Imaginez que vous vivez dans un pays où, toutes les 16 heures, les prix sont multipliés par deux. Comment une économie peut-elle fonctionner quand les individus n'ont plus confiance dans la valeur de leur monnaie ? C'est ce qui s'est produit pendant une période d'hyperinflation en Hongrie après la Seconde Guerre mondiale. La situation était due à de multiples facteurs, mais le problème ne pouvait pas être résolu pour une raison majeure : la banque centrale n'était pas indépendante. La prise de conscience de l'importance de la séparation entre politique monétaire et pouvoir politique a conduit ces cinquante dernières années à de fortes pressions en faveur de l'indépendance des banques centrales. Aujourd'hui, la majorité des banques centrales, toutes catégories de revenus confondues, sont indépendantes (a) et le principe selon lequel elles devraient bénéficier d'un certain degré d'autonomie est assez peu contesté. Sans cette indépendance, les gouvernements pourraient abuser de leur pouvoir sur la masse monétaire, provoquer des taux d'inflation alarmants et nuire aux résultats de développement à long terme.
Un argumentaire tout à fait similaire peut s'appliquer à l'indépendance des instituts nationaux de statistique (INS). Si les banques centrales contrôlent la masse monétaire d'un pays, les INS ont traditionnellement la main sur une grande partie de la masse de données d'un pays. Or, comme le relève le Rapport sur le développement dans le monde 2021 : Des données au service d'une vie meilleure (a), des gouvernements pourraient avoir intérêt à limiter la production et la diffusion de données fiables, de peur qu'elles révèlent de mauvais résultats de leurs politiques, qu'elles diluent le pouvoir et accroissent la pression de l'opinion publique. Si les INS ne sont pas indépendants, les pouvoirs publics peuvent abuser de leur pouvoir sur les flux de données qui alimentent les statistiques officielles et nuire aux résultats de développement à long terme.

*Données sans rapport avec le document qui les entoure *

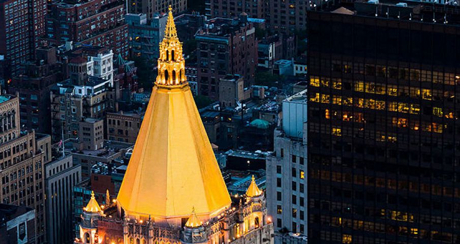 The 40-story, Gothic Revival-style New York Life Building was designed by Cass Gilbert, who also designed New York’s Woolworth Building and the U.S. Supreme Court Building in Washington, D.C. The limestone “Cathedral of Insurance” opened for business in November 1928 and was added to the National Register of Historic Places as a National Historic Landmark in 1978 and designated a historic landmark by New York City’s Landmarks Preservation Commission in 2000. It contains nearly 1 million square feet of working space, 38 elevators, 2,200 windows, and 72 gargoyles. The iconic gold pyramidical dome is made with gold-dipped ceramic tiles.

Malgré la similitude des arguments, il n'y a pas eu de mouvement mondial en faveur de l'indépendance des INS de même ampleur que celui relatif aux banques centrales. Un indicateur de l'indice Ibrahim de la gouvernance en Afrique (a) évalue l'indépendance des INS en fonction de plusieurs critères : leur autonomie dans la collecte des données de leur choix, leur capacité à publier celles-ci sans autorisation ou approbation préalable d'une quelconque entité gouvernementale, et l'adéquation de leur financement pour collecter et diffuser les données de leur choix. Un quart des pays africains ne remplissent aucune de ces conditions et seuls cinq pays en satisfont plus de la moitié. En outre, des exemples de tentatives d'atteinte à l'autonomie des INS ailleurs dans le monde laissent entendre que la fragilité de leur indépendance ne se limite pas au continent africain. Ainsi, les statistiques sur la dette de la Grèce semblent avoir délibérément déformé la réalité (a) de la situation financière du pays à la veille de la crise de l'euro de 2009.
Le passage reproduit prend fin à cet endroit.